Создатель эха - Ричард Пауэрс
– Я про нас. Ты. Я. Сейчас. – Он одобрительно тычет в окно: Великая американская пустыня. Река глубиной в дюйм. Кружащие птицы, их ближайшие родственники. – Как хочешь это все называй. Ничуть не хуже реального.
Есть птица, что летит наперерез стае. Под прямым углом к временам года. Он проходит регистрацию, по наитию проходит досмотр. Ориентируется на мышечную память. Привлекает внимание только гул автоматических напоминаний: «Уважаемые пассажиры, просим вам не оставлять свой багаж без присмотра. Согласно закону, запрещено…»
В аэропортах кипит война. В зале ожидания в Линкольне его окружают мониторы. Круглосуточная новостная программа бесконечно повторяет двадцать четыре секунды репортажей, и он не может отвести взгляд. «День третий», – повторяет глубокий бас под аккомпанемент электронных духовых в каждом перерыве меж выпусками. Волшебные анимированные доски, графики, компьютеризированные карты с подвижными батальонами и отставными генералами, иллюстрирующие произошедшее во всех подробностях. Журналисты на месте событий, которым не разрешено разглашать информацию, распространяют бессвязные домыслы. Остальные мировые новости прекращаются.
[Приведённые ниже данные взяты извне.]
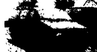
1989 Grand Voyager SE 3.0 Auto, Air, Cruise, Tilt, Privacy Glass, 52,000 Miles, 7/70 Factory Warranty, Black $9,900.00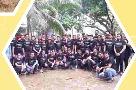
12 Dec 2019: Clean Up Drive at Nizampet Lake, Goodera, Hyderabad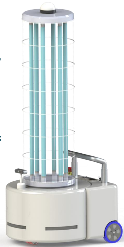
ROSAN22 base + UVC sanitation kit

В Чикаго показывают примерно все то же самое. Такси подъезжает к контрольно-пропускному пункту на севере города. Возможно, он под контролем оккупационных сил, а может, и нет. Водитель машет рукой, просит о помощи. Четверо солдат совершают ошибку и подходят ближе. Даже в шестой раз просматривая сюжет, Вебер не может оторвать глаз. Вдруг седьмой закончится по-другому.
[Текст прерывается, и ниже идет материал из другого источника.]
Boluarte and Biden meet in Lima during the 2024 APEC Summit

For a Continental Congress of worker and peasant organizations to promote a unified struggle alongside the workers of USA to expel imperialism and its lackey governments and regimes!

Он снова в воздухе, движется обратно на восток по перекошенной взлетной полосе, становится прозрачным, тоньше пленки. Голос вещает: «Пожалуйста, не передвигайтесь по салону и не толпитесь в проходах». Он хватается за слова как за спасательный жилет. Люди дали себе волю. Юноша оказался прав: в Капгра больше правды, чем в постоянном затуманивании сознания. Был у него однажды пациент, Уоррен из «Страны неожиданных открытий». Мужчина тридцати двух лет, работал трейдером, по выходным занимался скалолазанием. И вот однажды сорвался с крутого склона и приложился головой. Выйдя из комы, Уоррен оказался в мире, населенном монахами, солдатами, фотомоделями, кинозлодеями и полулюдьми-полуживотным. И все они, как ни в чем не бывало, с ним беседовали. Вебер готов пожертвовать каждой копией собственноручно написанных слов, чтобы снова рассказать историю Уоррена, но на этот раз – с новообретенным глубоким пониманием состояния мужчины.
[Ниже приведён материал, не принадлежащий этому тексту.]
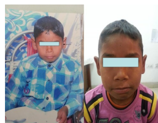
Fig 2 Pre- and post-treatment picture of the patient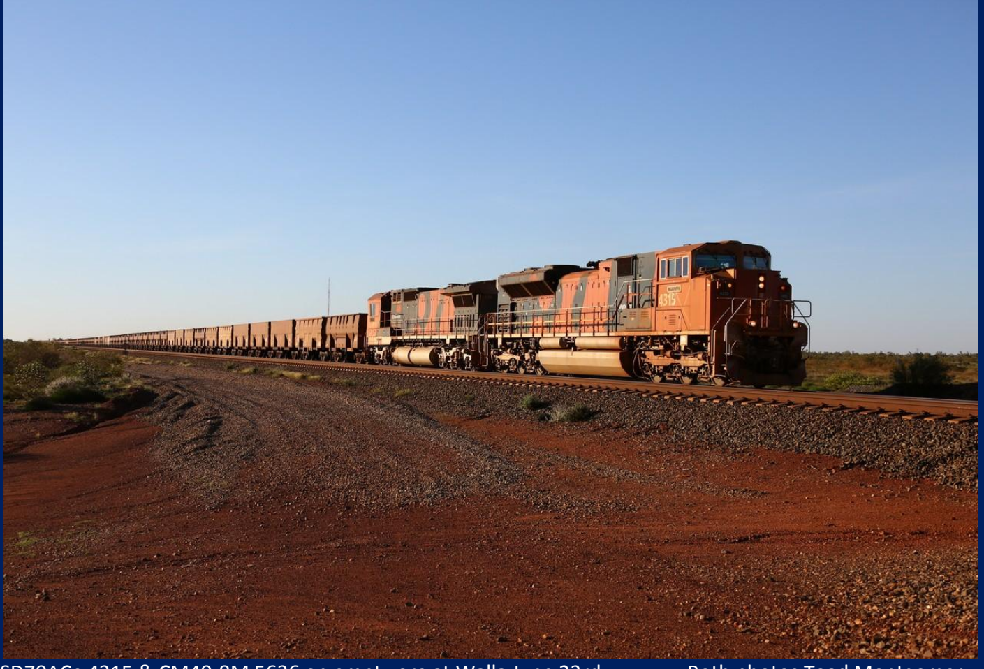
SD70ACe 4315 & CM40-8M 5636 on empty ore at Walla June 23rd.

Он окружен. Даже герметичная каюта гниет жизнью. Все вокруг живет, зеленеет и разрастается. Десятки миллионов видов клокочут повсюду: большая часть скрыта от взора, дать название получится и того меньшему количеству; но они готовы на все, на всякий обман и эксплуатацию, лишь бы продолжить существование. Он смотрит на свои трясущиеся руки, на целые дождевые леса бактерий. Насекомые глубоко зарываются в корпус самолета. Семена приживаются в грузовом отсеке. Грибок расползается под виниловой обшивкой. За маленькой оконной створкой – замерзшие в безвоздушном пространстве археи, питающиеся нефтью бактерии и экстремофилы. Живут вполсыта, в темноте, при температуре ниже нуля, просто множась. Каждый выживший генетический код – гениальнее, чем его глубочайшая мысль, и таким и останется, даже когда его мысли умрут.
Мужчина на соседнем сиденье, ерзающий с начала полета, набирается смелости и, наконец, подает голос:
– Кажется, я вас где-то видел.
Вебер вздрагивает, отвечая кривой, едва заметной усмешкой, которую он украл у одного из своих пациентов.
– Не думаю.
– Ну да. Вы – тот ученый, занимающийся мозгом.
– Нет, – говорит Вебер.
Незнакомец окидывает его подозрительным взглядом.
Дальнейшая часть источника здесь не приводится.